§ DATA SECTION:
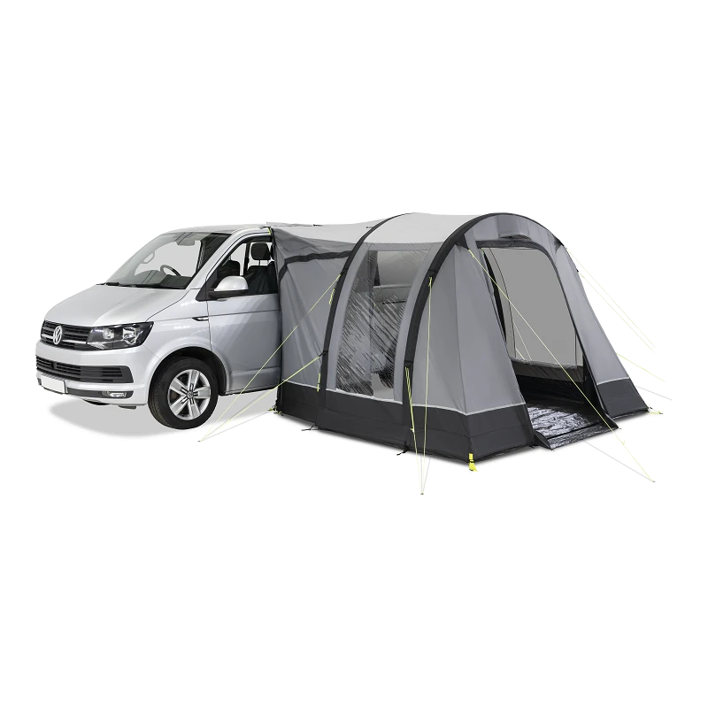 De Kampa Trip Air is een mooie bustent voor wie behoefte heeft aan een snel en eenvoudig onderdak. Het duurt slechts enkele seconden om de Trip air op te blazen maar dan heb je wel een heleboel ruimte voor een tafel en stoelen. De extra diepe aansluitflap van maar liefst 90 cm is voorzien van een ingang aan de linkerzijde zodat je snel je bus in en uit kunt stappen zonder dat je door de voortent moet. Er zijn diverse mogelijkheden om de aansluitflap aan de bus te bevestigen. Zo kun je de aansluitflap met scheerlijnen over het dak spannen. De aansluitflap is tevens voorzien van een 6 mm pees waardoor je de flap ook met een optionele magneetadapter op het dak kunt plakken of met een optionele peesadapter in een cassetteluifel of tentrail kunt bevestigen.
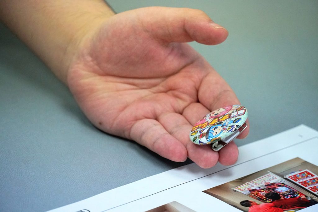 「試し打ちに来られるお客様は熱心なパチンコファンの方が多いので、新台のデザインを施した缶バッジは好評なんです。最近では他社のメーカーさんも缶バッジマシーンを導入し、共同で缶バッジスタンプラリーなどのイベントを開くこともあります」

* * *

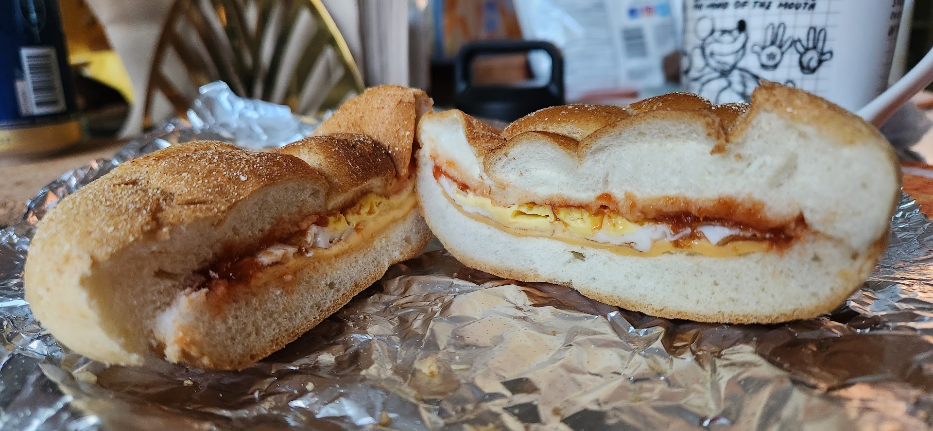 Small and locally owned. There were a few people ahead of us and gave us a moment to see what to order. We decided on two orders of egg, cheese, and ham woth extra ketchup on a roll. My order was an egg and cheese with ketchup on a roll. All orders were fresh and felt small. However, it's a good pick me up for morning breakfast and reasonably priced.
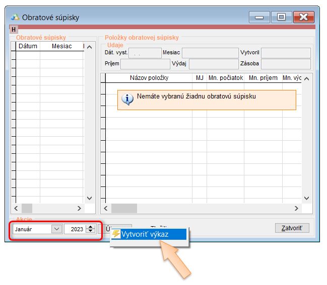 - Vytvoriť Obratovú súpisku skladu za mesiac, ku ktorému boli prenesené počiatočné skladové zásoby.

§ YOUR TASK: Leaving out the pictures, please output the lines in the entries above from the one with "Small and locally" through the one with "- Vytvoriť Obratovú", exactly as they are.

§ RESPONSE AREA:
 Small and locally owned. There were a few people ahead of us and gave us a moment to see what to order. We decided on two orders of egg, cheese, and ham woth extra ketchup on a roll. My order was an egg and cheese with ketchup on a roll. All orders were fresh and felt small. However, it's a good pick me up for morning breakfast and reasonably priced.
 - Vytvoriť Obratovú súpisku skladu za mesiac, ku ktorému boli prenesené počiatočné skladové zásoby.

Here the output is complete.